Variety of studies and collaborations
Van Zanten is collaborating with seven PhD candidates: two from Utrecht, five from Wageningen. In addition to the RCT, research is being conducted into refeeding syndrome (after a period of starvation due to illness), the removal of feeding tubes (that are removed too quickly), and the microbiome. Furthermore, an electronic system that measures nutritional intake has been developed at the hospital. Together with Jaap Keijer’s group, from Human and Animal Physiology, he is conducting research into whether something could be amiss with the energy metabolism in the mitochondria (the powerhouse of the cell).
There is a lot of nutrition research available at Wageningen University & Research. “The new thing is that we are looking at how hospital patients respond to nutrition and why. Furthermore, there is already a lot of attention for disease and prevention, but less for secondary prevention and recovery: how do you make sure that a patient really recovers and what role does nutrition play in this? Healthcare should not stop after the ICU.” The research also intersects with other fields such as oncology and food intake in sports. “Sometimes, a person is no longer able to undergo a full oncological treatment because they are underweight. If we have a better idea of who can tolerate what nutrition and when, then their weight can improve and they will be able to endure the full treatment.
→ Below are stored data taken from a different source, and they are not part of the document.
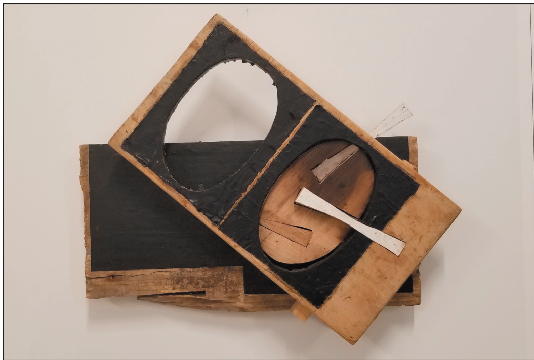
Dowser wood 19x20x4
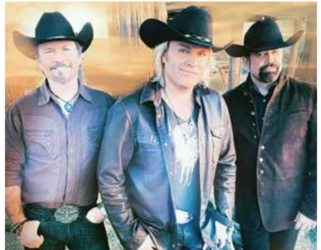
2024 Entertainers The Texas Tenors.
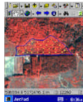
Figure 5. Stand boundary with traverse and sample plot centers.

This fact sheet was compiled by Sarah R. Finley, Editor, Department of Forest Resources, University of Minnesota
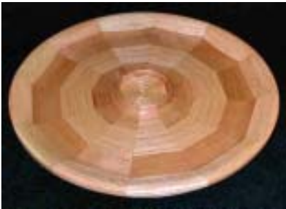
Steve Claycomb – Segmented platter in oak and cherry.
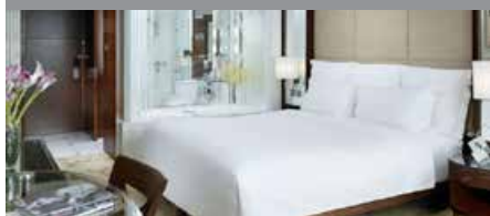
Langham Place, Mongkok, Hong Kong Club Points Per Night: 5,500 - Essential Place
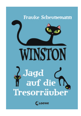
Winston – Hunting the Safe Box Thieves (Vol. 3)

There are also ongoing collaborations with Maastricht University that include biopsies from the muscles of ICU patients to determine how much protein can be produced by the muscles and with the Karolinska Institute in Stockholm, where research is being conducted into autophagy, the cleaning mechanism of cells.
“Meaningful healthcare and good recovery”
All this research touches on the “patient journey”, as Van Zanten calls it. How do patients arrive? How are they leaving? How healthy will they remain? “The ageing population and shortage of healthcare staff make it essential that we work on this. It is important to create well-functioning survivors in the ICU. This is why the focus should be moved to meaningful healthcare and the importance of a good recovery. The more research we have about this, the better we will be able to identify options for recovery as well. This will also enable us to enter into better-informed discussions with a patient when we notice that this recovery is no longer possible.
Van Zanten feels that he has a bridging role in this. “I can now serve both the medical and the academic world. This is why I experience it as a very valuable collaboration. I see it as a fresh start to expand on this topic and put it on the agenda together with Wageningen University & Research.”